• Work task: Set down each entry exactly; omit images.

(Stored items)
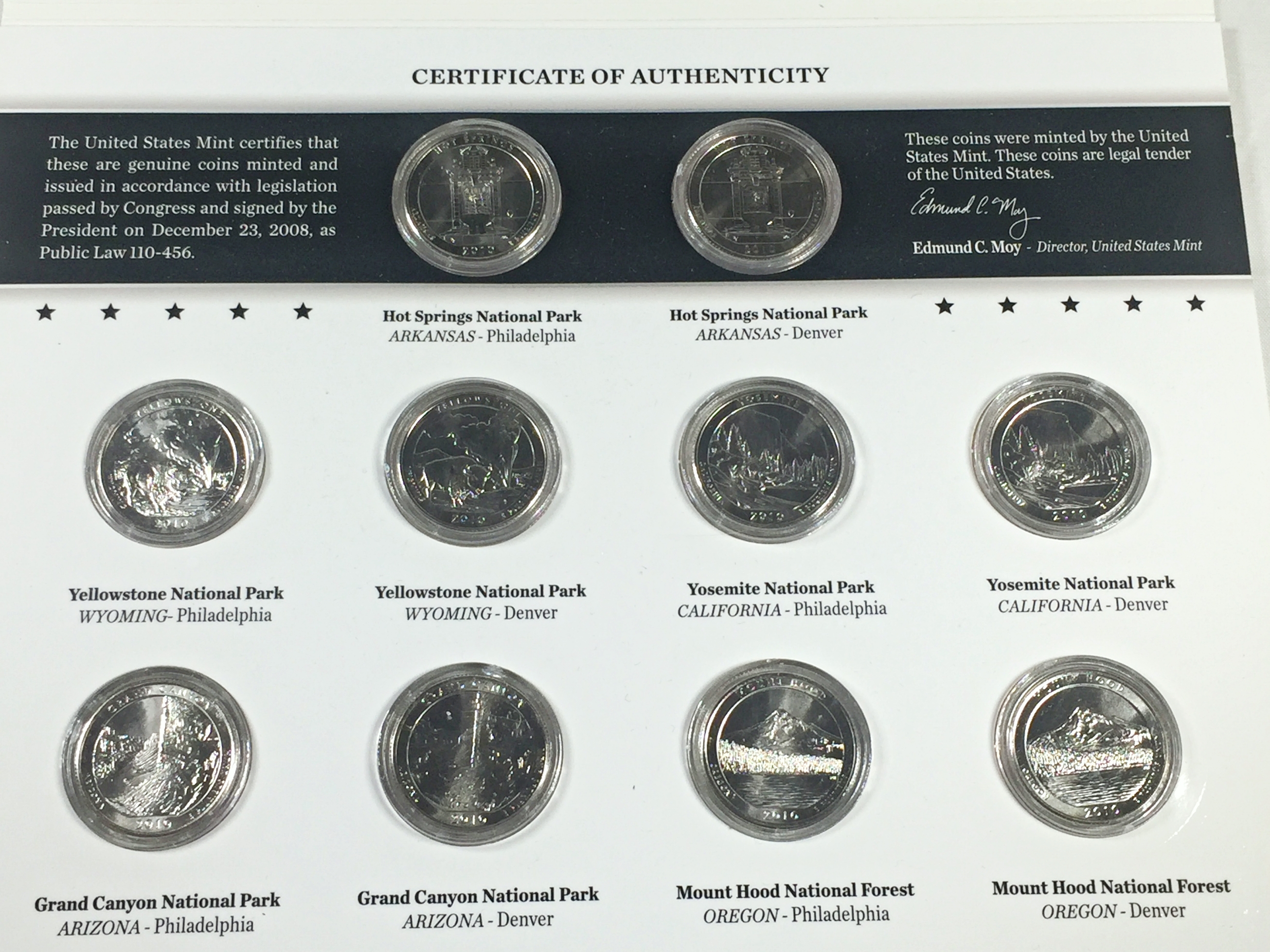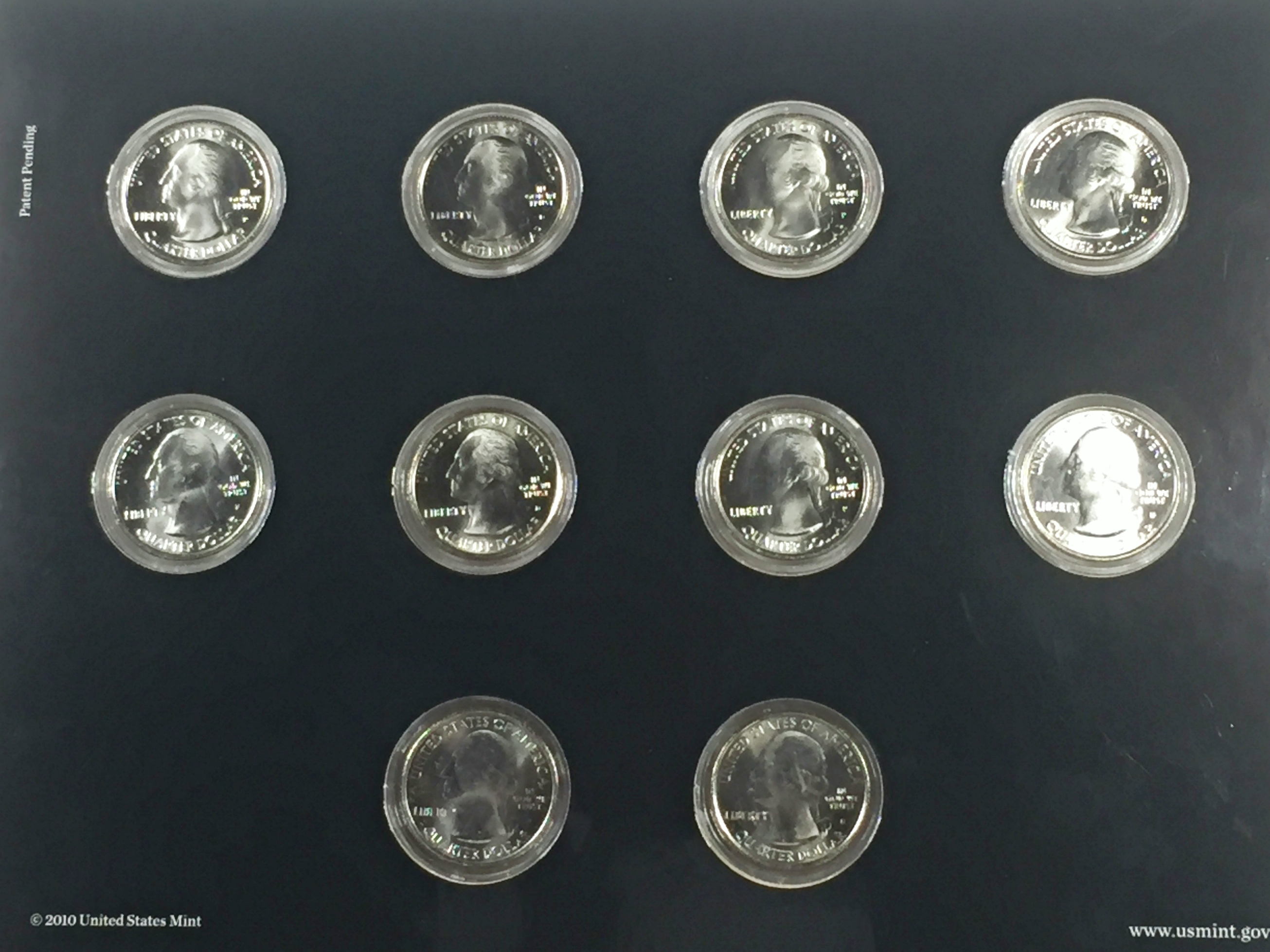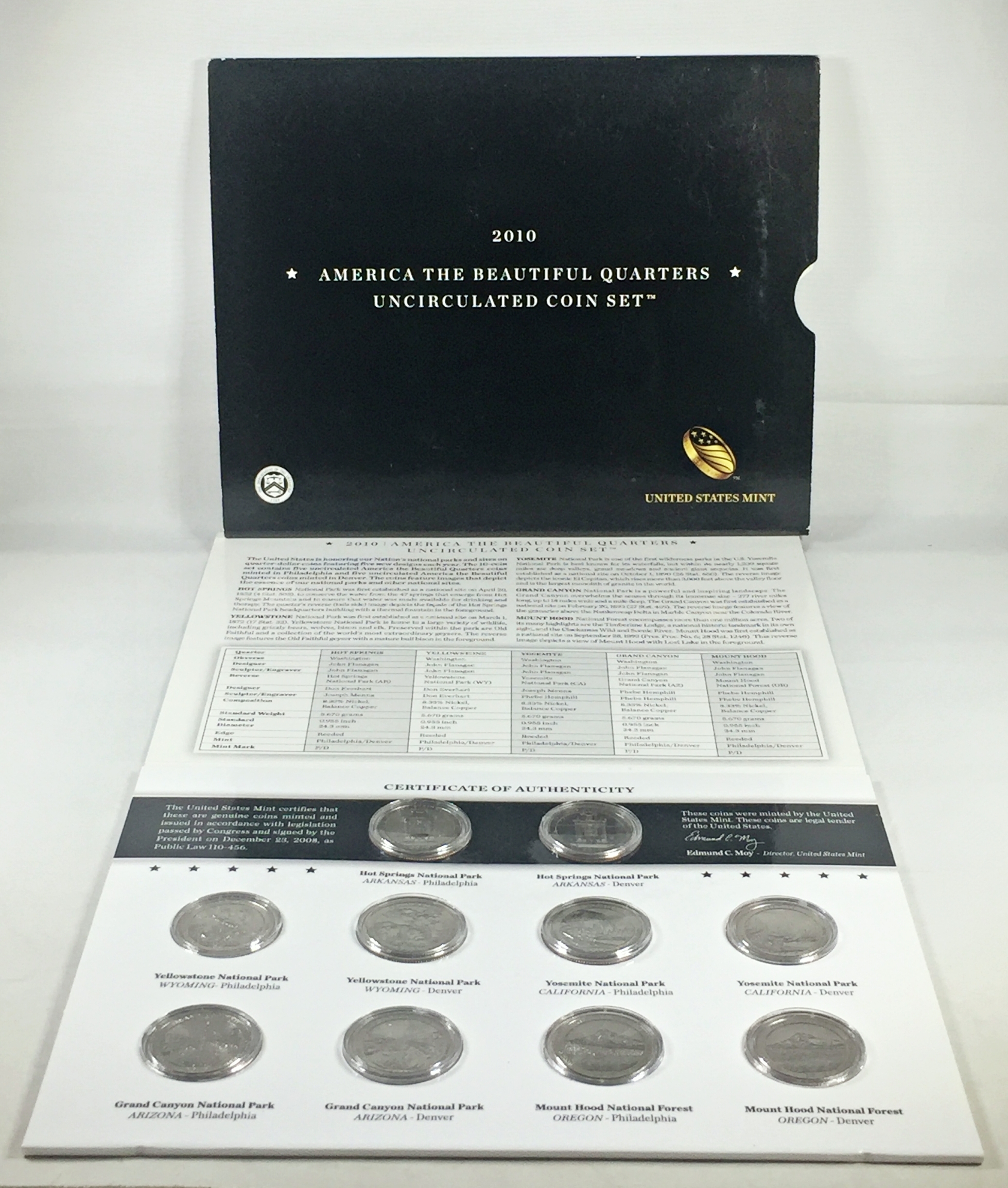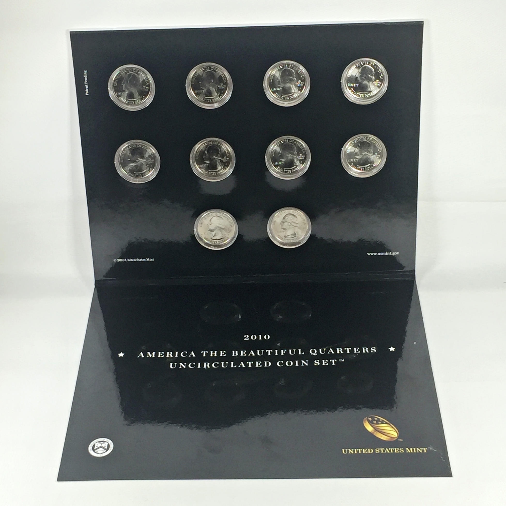 2010 America the Beautiful Quarters Uncirculated Coin Set*10 P & D Quarters in Capsules and Tri-fold Story Board
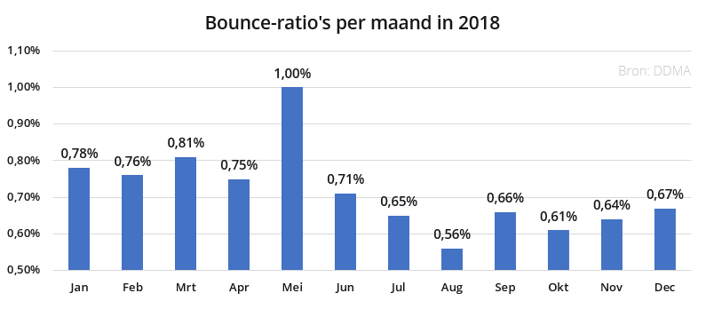 Het is niemand ontgaan dat op 25 mei 2018 de AVG van kracht is geworden – de nieuwe Europese wet voor de bescherming van persoonsgegevens. Voor veel organisaties was dit reden om hun marketingdata en -activiteiten nog eens goed onder de loep te nemen en waar nodig passende maatregelen te treffen. Een aantal bedrijven hebben zelfs re-opt-in campagnes verstuurd, omdat ze te veel twijfels hadden over de geldigheid van de opt-ins. Dat verklaart de duidelijke piek van het aantal bounces in mei 2018. Een uitzonderlijk hoog percentage van 1 procent kwam in mei niet in de inbox terecht!
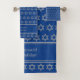 Na moda Israelita azul STAR OF DAVID Bath Towel Set, mostrando a estrela prateada falsa de David em um padrão ondulado. O texto diz FELIZ HOLIDAY CHAG SAMEACH e é PERSONALIZÁVEL para que você possa substituí-lo por um nome, saudação ou texto hebraico. Isso daria um presente ideal para Chanucá, Rosh Hashanah, Natal, Aniversários, e ao longo do ano. Vem em outras cores.
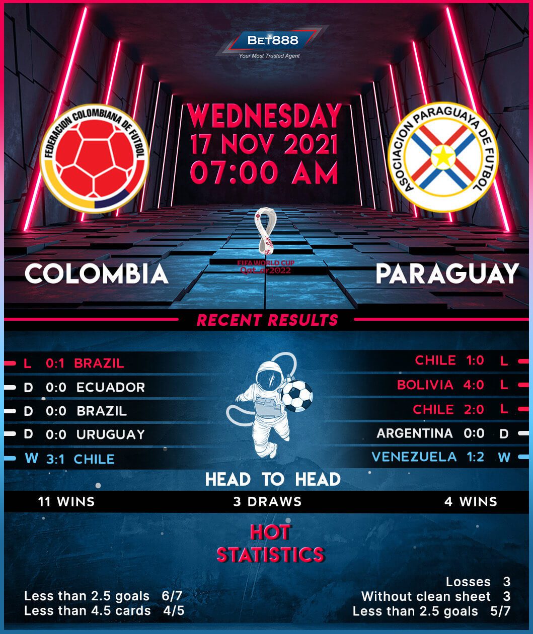 The two out-of-form South American teams will lock horns in a high-stake 2022 World Cup qualifying encounter at the Estadio Metropolitano Roberto Meléndez as Colombia take on Paraguay.
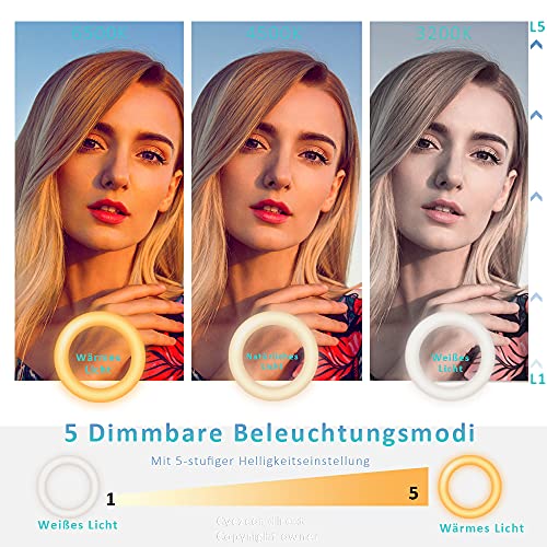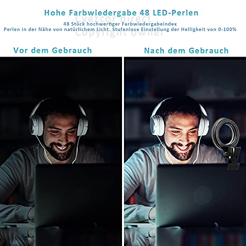 【Einstellbare Farbtemperatur und Helligkeit】: Unsere Videokonferenzleuchte hat 3 Farbtemperaturen (weißes Licht/ warmes Licht/natürliches Licht) 3200k-6800k, 5 Helligkeitsstufen und 48 LED-Lampenperlen mit 10 W Helligkeit. Sie können Ihre ideale Beleuchtung einfach über den Schalter adjustieren, um Ihre Haut perfekter zu ausarbeiten und sich Ihrer Umgebung anzupassen.
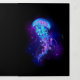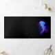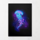 Gran medusa azul, de dibujo artístico, brillante y brillante, con largos tentáculos sobre fondo negro con bioluminiscencia violeta. Luminosas medusas.

• Response to the exercise:
 2010 America the Beautiful Quarters Uncirculated Coin Set*10 P & D Quarters in Capsules and Tri-fold Story Board
 Het is niemand ontgaan dat op 25 mei 2018 de AVG van kracht is geworden – de nieuwe Europese wet voor de bescherming van persoonsgegevens. Voor veel organisaties was dit reden om hun marketingdata en -activiteiten nog eens goed onder de loep te nemen en waar nodig passende maatregelen te treffen. Een aantal bedrijven hebben zelfs re-opt-in campagnes verstuurd, omdat ze te veel twijfels hadden over de geldigheid van de opt-ins. Dat verklaart de duidelijke piek van het aantal bounces in mei 2018. Een uitzonderlijk hoog percentage van 1 procent kwam in mei niet in de inbox terecht!
 Na moda Israelita azul STAR OF DAVID Bath Towel Set, mostrando a estrela prateada falsa de David em um padrão ondulado. O texto diz FELIZ HOLIDAY CHAG SAMEACH e é PERSONALIZÁVEL para que você possa substituí-lo por um nome, saudação ou texto hebraico. Isso daria um presente ideal para Chanucá, Rosh Hashanah, Natal, Aniversários, e ao longo do ano. Vem em outras cores.
 The two out-of-form South American teams will lock horns in a high-stake 2022 World Cup qualifying encounter at the Estadio Metropolitano Roberto Meléndez as Colombia take on Paraguay.
 【Einstellbare Farbtemperatur und Helligkeit】: Unsere Videokonferenzleuchte hat 3 Farbtemperaturen (weißes Licht/ warmes Licht/natürliches Licht) 3200k-6800k, 5 Helligkeitsstufen und 48 LED-Lampenperlen mit 10 W Helligkeit. Sie können Ihre ideale Beleuchtung einfach über den Schalter adjustieren, um Ihre Haut perfekter zu ausarbeiten und sich Ihrer Umgebung anzupassen.
 Gran medusa azul, de dibujo artístico, brillante y brillante, con largos tentáculos sobre fondo negro con bioluminiscencia violeta. Luminosas medusas.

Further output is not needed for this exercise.